It’s not about Trump, or even the U.S. The U.S. economy is continuing to grow at about the same slow pace it has for most of the now eight-year-long expansion, but economies elsewhere in the world are picking up speed. That same IMF World Economic Outlook report that discounted the chances of tax reform and predicted U.S. gross domestic product growth of just 2.2 percent in 2017 and 2.3 percent in 2018 upgraded global GDP growth estimates to 3.6 percent in 2017 and 3.7 percent in 2018. The companies in the Standard & Poor’s 500 Index got 43.2 percent of their earnings from outside the U.S. in 2016; that percentage will surely be higher this year, and it’s probably higher for the Dow companies, too. Recent analyses by the Wall Street Journal and ETF.com found that corporations with the highest foreign-earnings percentages are driving the market’s gains. The “America first” president may be basking in a market boom driven mainly by overseas economic growth.

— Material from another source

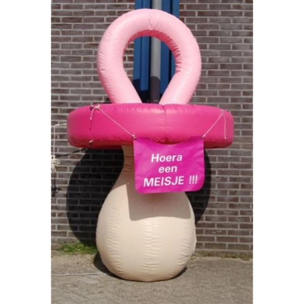 Leuk om deze reuze opblaasbare fopspeen roze in uw tuin te plaatsen om de geboorte van uw dochter aan iedereen kenbaar te maken.
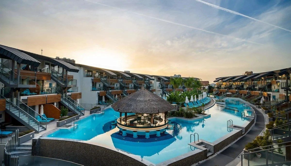 Az ötcsillagos szállodakomplexum elegáns, tágas és ízlésesen berendezett előcsarnokkal várja vendégeit, ahol 24 órás recepció és több lift biztosítja a kényelmet. A kulináris élményeket a főétterem büféételei, egy kiváló kávézó cukrászdával, valamint nyolc bár – köztük a medencebár és a strandbár – teszik teljessé. Felár ellenében, előzetes foglalással à la carte étterem is rendelkezésre áll. A komplexumban konferenciaközpont, mini market és ingyenes Wi-Fi is található. A pihenést és szórakozást a belső medence, a fő kültéri medence, a gyermekmedence, valamint az öt csúszdával felszerelt vízi park szolgálja. A napozóágyak, napernyők és strandtörölközők a medencék mellett ingyenesen biztosítottak. Térítés ellenében mosoda, szobaszerviz, autókölcsönzés, orvosi ellátás, fodrász, fotós és személyi edző szolgáltatás is igénybe vehető. Elfogadott hitelkártyák: Visa és MasterCard.

Josh here – I reiterate what I’ve been screaming about all year – the rally in the US stock market in 2017 no more belongs to the President or his non-existent “agenda” that never goes anywhere than the 2008-2016 bull market belongs to Obama.
This year, virtually every country stock market around the world is substantially higher – from Europe to Asia to Latin America. The S&P 500’s advance is actually trailing the average country market’s return. And US corporate giants are more global than ever before. Nothing the President or Congress have done during this administration has been material so far. And as the legislative calendar winds down, it appears that this is yet another year of mostly gridlock.
Running around in a red hat taking credit for an international synchronized economic recovery, that was already well underway, is perfectly on-brand for these people; it’s both solipsistically dumb and a lie.